Ты никогда не узнаешь об этом, — подумала Сидзукэ, — и не узнает Дандзуро. Но Сен будет знать. Она почувствовала, как дочь пошевелилась под ладонью.

— Свитки разместили, как я просила? — спросила Сидзукэ.

— Да, моя госпожа, все, как вы приказали. Никаких следов не осталось, никто ничего не видел.

— Похоже, Аямэ, тебя мучают сомнения.

— Я старалась, чтобы меня никто не увидел, — отозвалась Аямэ, — но поскольку это далеко за нашими стенами, враги могут обнаружить его, даже если отступят, не напав на замок.

— Не обнаружат, — сказала Судзукэ.

— И все же остается еще одно затруднение, — сказала Аямэ. — Если враги захватят замок…

Захватят. В течение ближайших часов.

— …и никто из наших сюда не вернется…

Никто из ныне живущих. Дандзуро и Сэн отвоюют замок в двенадцатом году правления императора Го-Мураками. Но к этому времени и Аямэ, и Чиаки будут уже мертвы.

— …то как же эти свитки будут найдены?

— Они будут найдены, — сказала Сидзукэ, — когда будут, и таким образом, который наиболее будет подходить для их цели.

Она видела, что Аямэ очень хотелось спросить об этой цели, но она сдержалась. Что ж, хорошо. Сидзукэ доверяла Аямэ и ответила бы ей на любой вопрос, но Аямэ не поняла бы ответа.

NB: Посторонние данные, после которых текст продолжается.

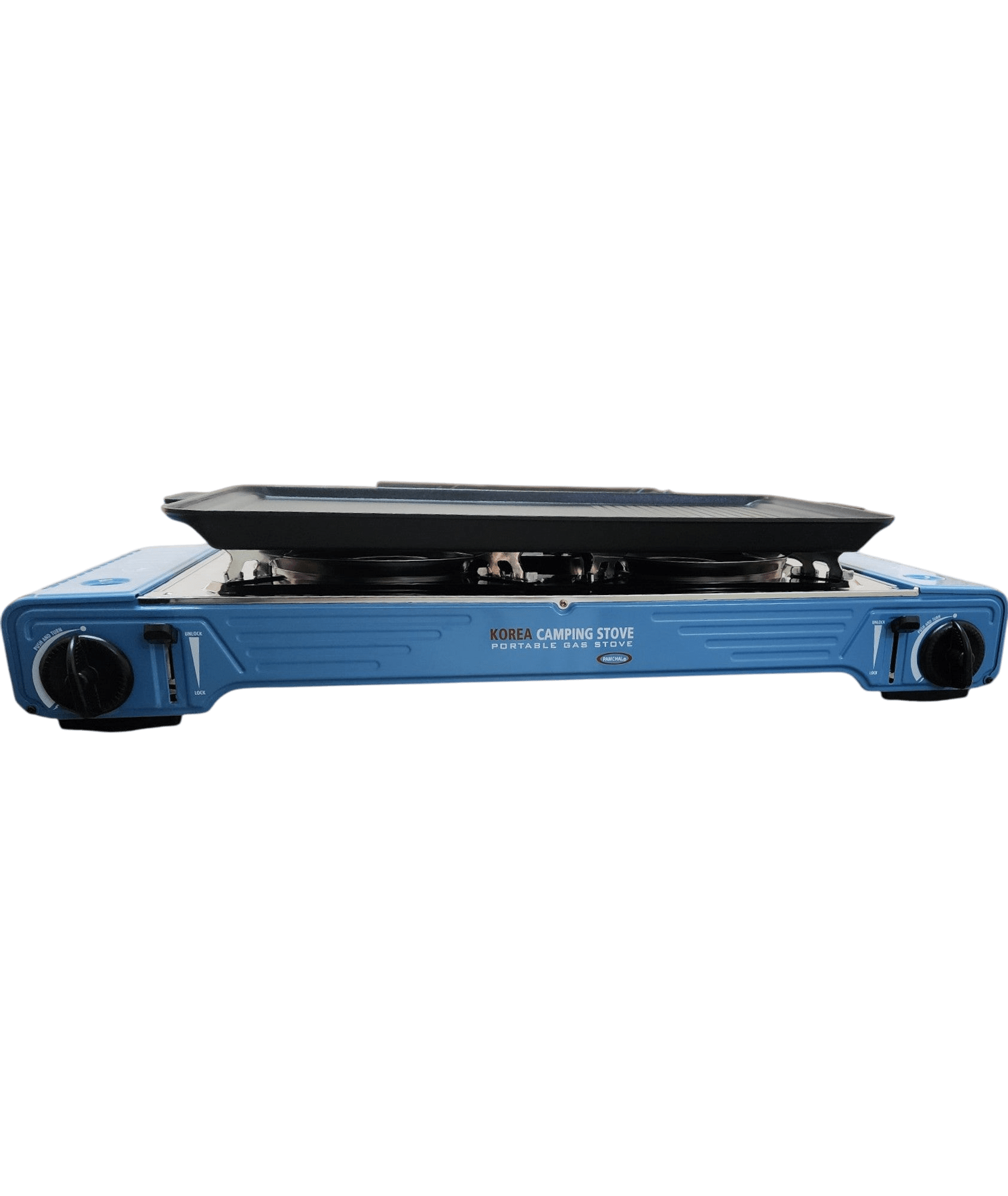 موقد تخييم كوري مزدوج الشعلة بوتان مع شواية شواء

Аямэ поклонилась и подняла оружие.

— С вашего позволения, моя госпожа, я вернусь на пост.

— Доброй ночи, Аямэ.

Посетитель, которого Судзукэ ждала, появится только на исходе часа. Судзукэ закрыла глаза и представила себе ничто. Отсутствие несло с собою покой.

1860 год, башня замка.

Хоть он и знал, что это сентиментально и глупо, князь Киёри все же заказал изысканные блюда для своего прощального ужина с Сидзукэ. Он не прикоснулся к еде. Она тоже. Но, впрочем, она никогда к ней не прикасалась. Блюда была поставлены перед нею точно так же, как приношения, которые Киёри возлагал на алтарь предков. В определенном смысле слова, это было весьма уместно, поскольку Сидзукэ действительно была его предком. С другой же стороны, это было совершенно неподобающе, поскольку этот призрак, выглядящий как Сидзукэ, вполне мог быть плодом его собственного больного воображения.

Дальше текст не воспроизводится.